• [Description of the task]: Starting at the line that contains "Součástí vybavení objektu" and stopping at the line that contains "- Surveiller (tout", transcribe every line of the material below exactly; pictures stay out.

• [Data extract]:
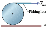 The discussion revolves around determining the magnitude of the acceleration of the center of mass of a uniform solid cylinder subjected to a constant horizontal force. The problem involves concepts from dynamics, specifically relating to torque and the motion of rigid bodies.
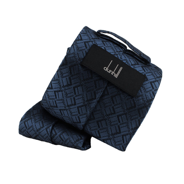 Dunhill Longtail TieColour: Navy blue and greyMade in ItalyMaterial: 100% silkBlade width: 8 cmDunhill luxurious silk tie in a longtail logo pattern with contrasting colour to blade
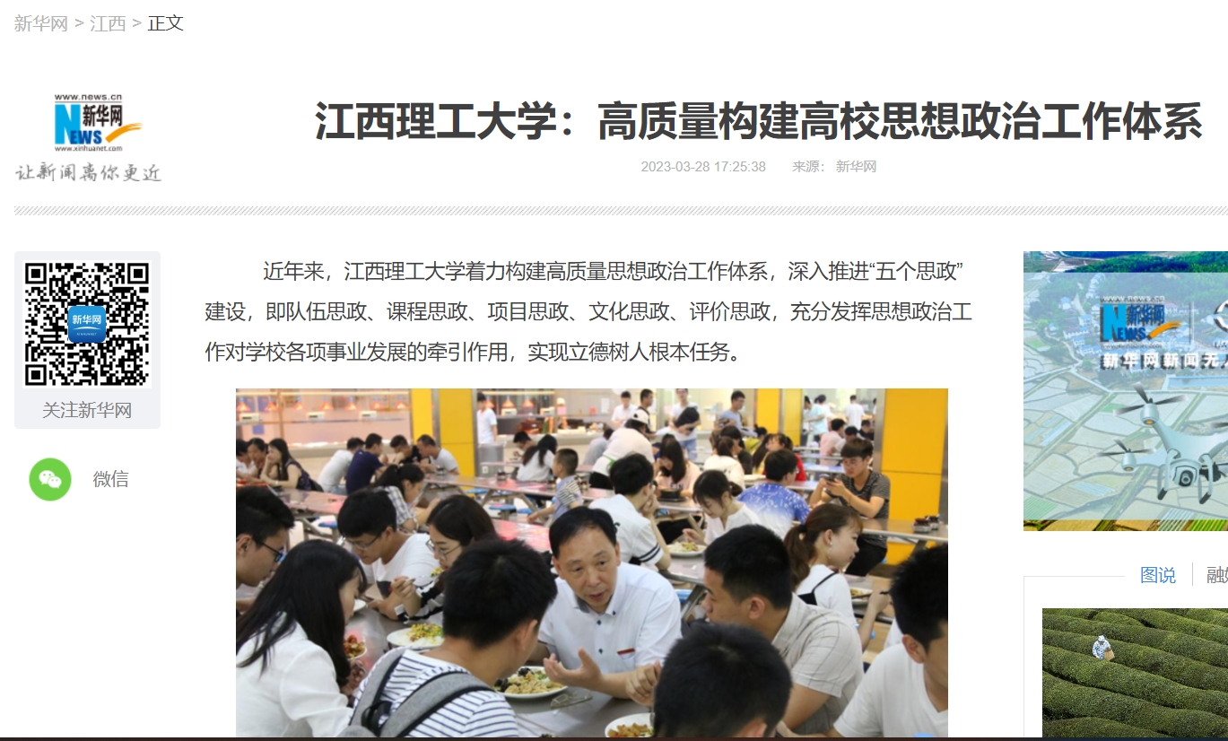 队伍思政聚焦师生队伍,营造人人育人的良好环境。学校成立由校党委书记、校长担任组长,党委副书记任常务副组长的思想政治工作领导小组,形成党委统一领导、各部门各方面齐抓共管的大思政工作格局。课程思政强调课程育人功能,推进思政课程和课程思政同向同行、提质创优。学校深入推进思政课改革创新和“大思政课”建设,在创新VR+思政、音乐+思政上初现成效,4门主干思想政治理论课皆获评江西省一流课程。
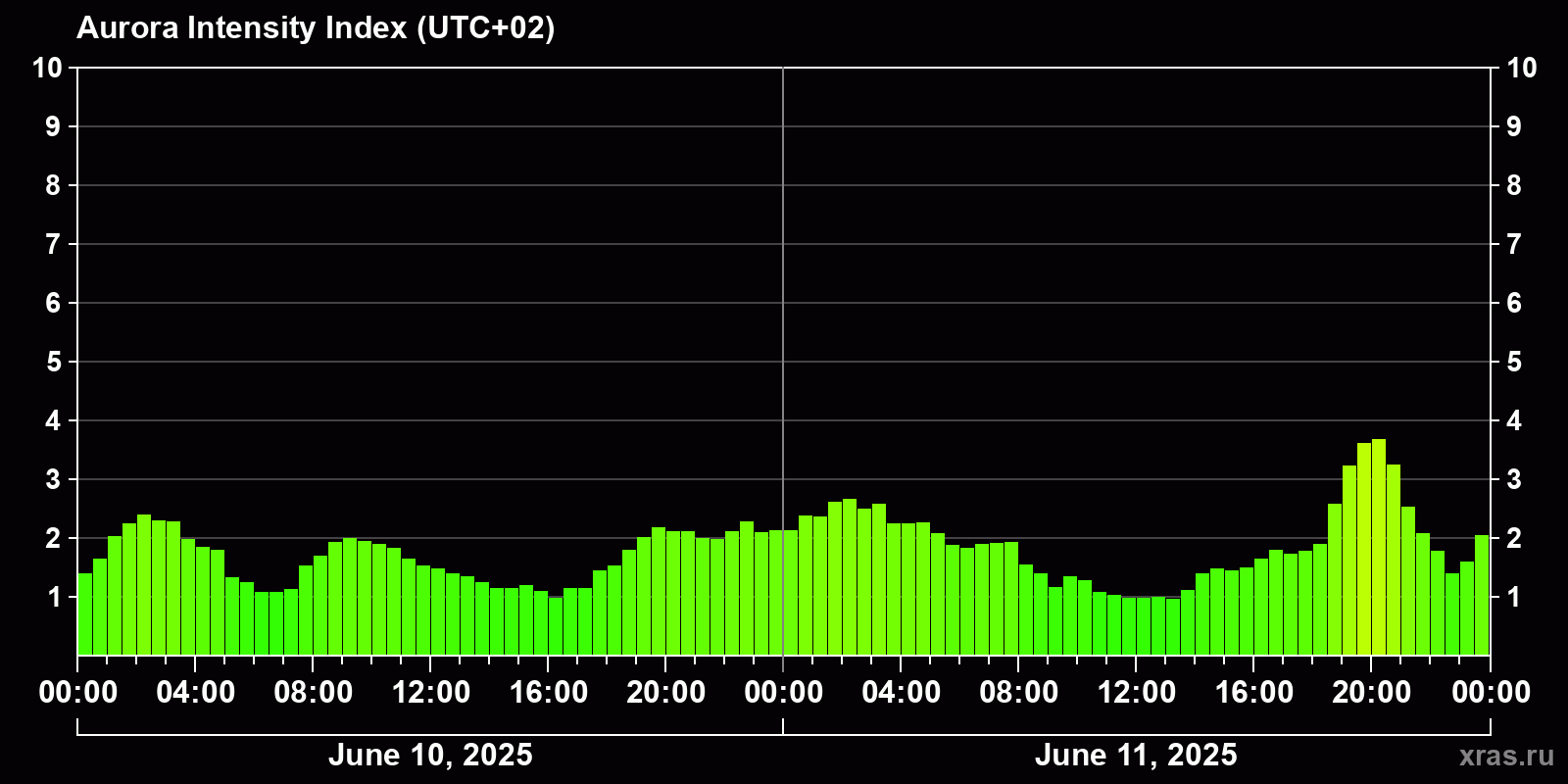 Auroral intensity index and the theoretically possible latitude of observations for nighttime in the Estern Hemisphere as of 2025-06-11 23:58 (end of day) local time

--

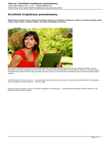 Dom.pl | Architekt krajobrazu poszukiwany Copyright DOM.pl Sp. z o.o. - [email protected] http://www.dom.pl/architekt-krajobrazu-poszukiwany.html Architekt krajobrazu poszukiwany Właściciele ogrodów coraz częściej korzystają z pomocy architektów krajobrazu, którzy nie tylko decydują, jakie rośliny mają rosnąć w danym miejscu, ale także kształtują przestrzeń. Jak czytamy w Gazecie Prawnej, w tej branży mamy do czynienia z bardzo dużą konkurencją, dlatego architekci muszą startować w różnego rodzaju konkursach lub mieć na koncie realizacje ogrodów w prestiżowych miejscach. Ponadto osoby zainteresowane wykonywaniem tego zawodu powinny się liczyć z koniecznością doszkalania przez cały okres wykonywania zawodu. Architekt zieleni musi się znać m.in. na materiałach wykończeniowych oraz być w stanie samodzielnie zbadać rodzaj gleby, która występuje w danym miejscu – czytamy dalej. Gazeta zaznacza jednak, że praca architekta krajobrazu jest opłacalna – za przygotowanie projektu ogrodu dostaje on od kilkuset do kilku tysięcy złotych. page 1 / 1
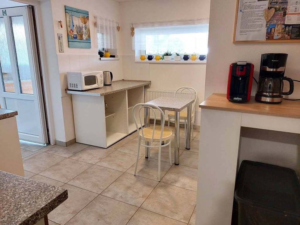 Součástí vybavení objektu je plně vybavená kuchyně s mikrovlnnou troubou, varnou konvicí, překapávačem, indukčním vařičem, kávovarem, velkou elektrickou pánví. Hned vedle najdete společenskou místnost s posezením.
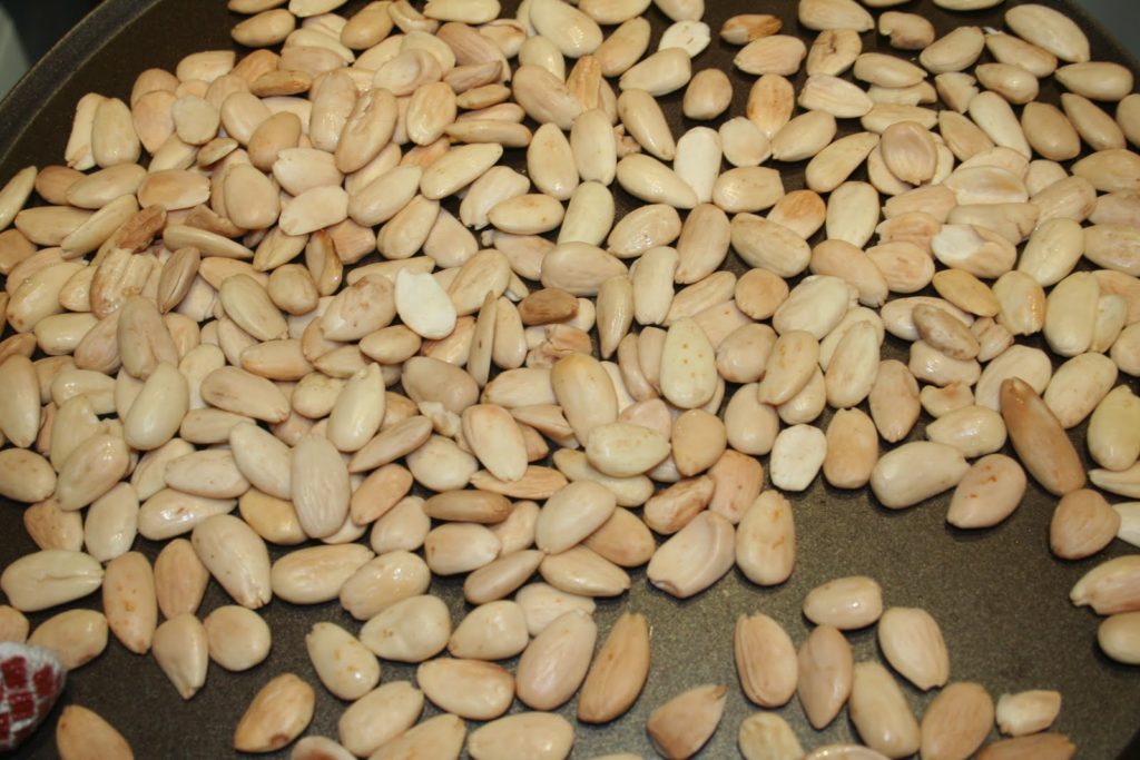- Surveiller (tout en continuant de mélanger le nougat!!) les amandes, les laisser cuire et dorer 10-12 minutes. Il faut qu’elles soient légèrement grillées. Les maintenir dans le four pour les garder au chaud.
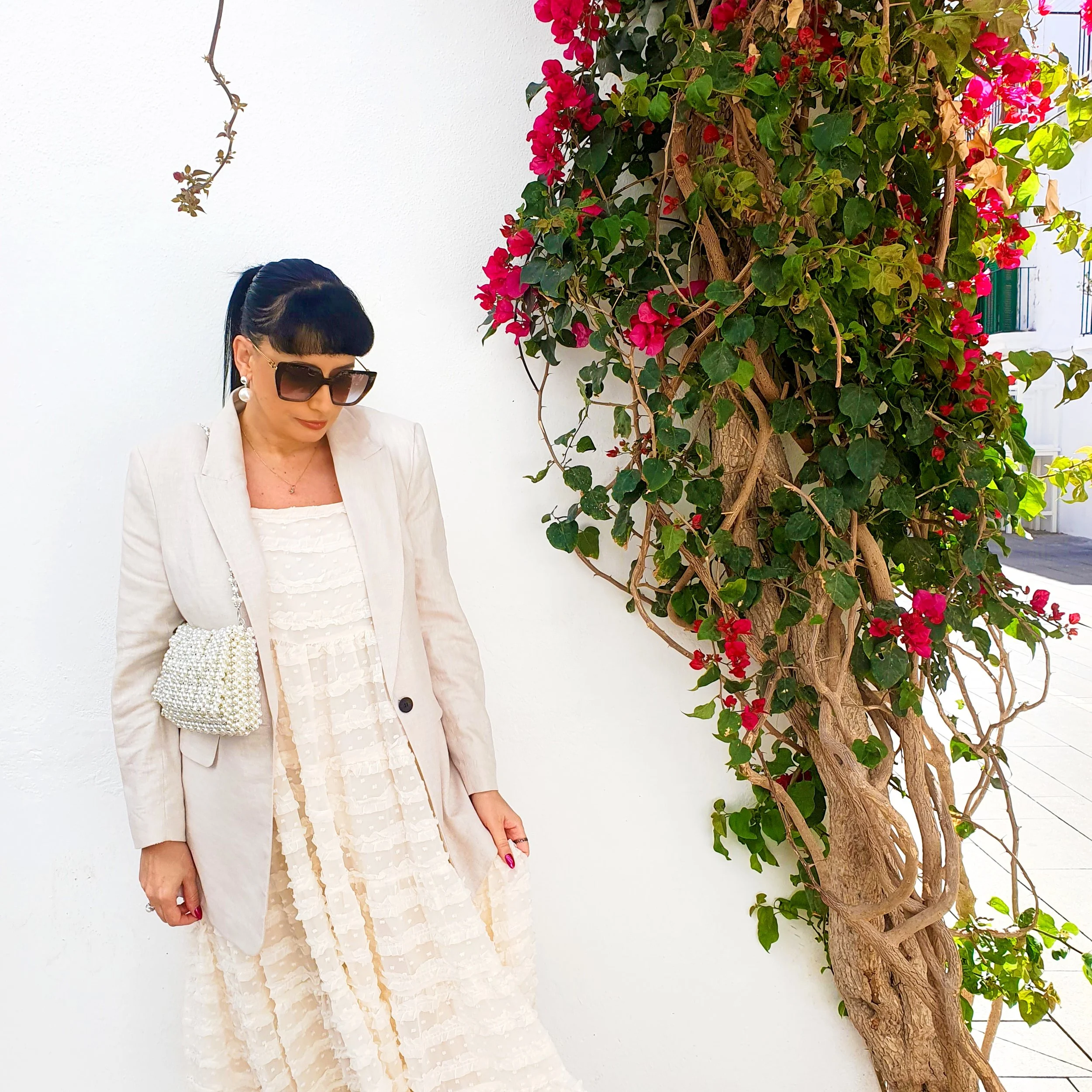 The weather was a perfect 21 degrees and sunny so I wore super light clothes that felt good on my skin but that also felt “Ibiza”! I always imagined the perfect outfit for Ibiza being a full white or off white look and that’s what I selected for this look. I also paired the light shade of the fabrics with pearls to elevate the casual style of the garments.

• [Answer below]:
 Součástí vybavení objektu je plně vybavená kuchyně s mikrovlnnou troubou, varnou konvicí, překapávačem, indukčním vařičem, kávovarem, velkou elektrickou pánví. Hned vedle najdete společenskou místnost s posezením.
- Surveiller (tout en continuant de mélanger le nougat!!) les amandes, les laisser cuire et dorer 10-12 minutes. Il faut qu’elles soient légèrement grillées. Les maintenir dans le four pour les garder au chaud.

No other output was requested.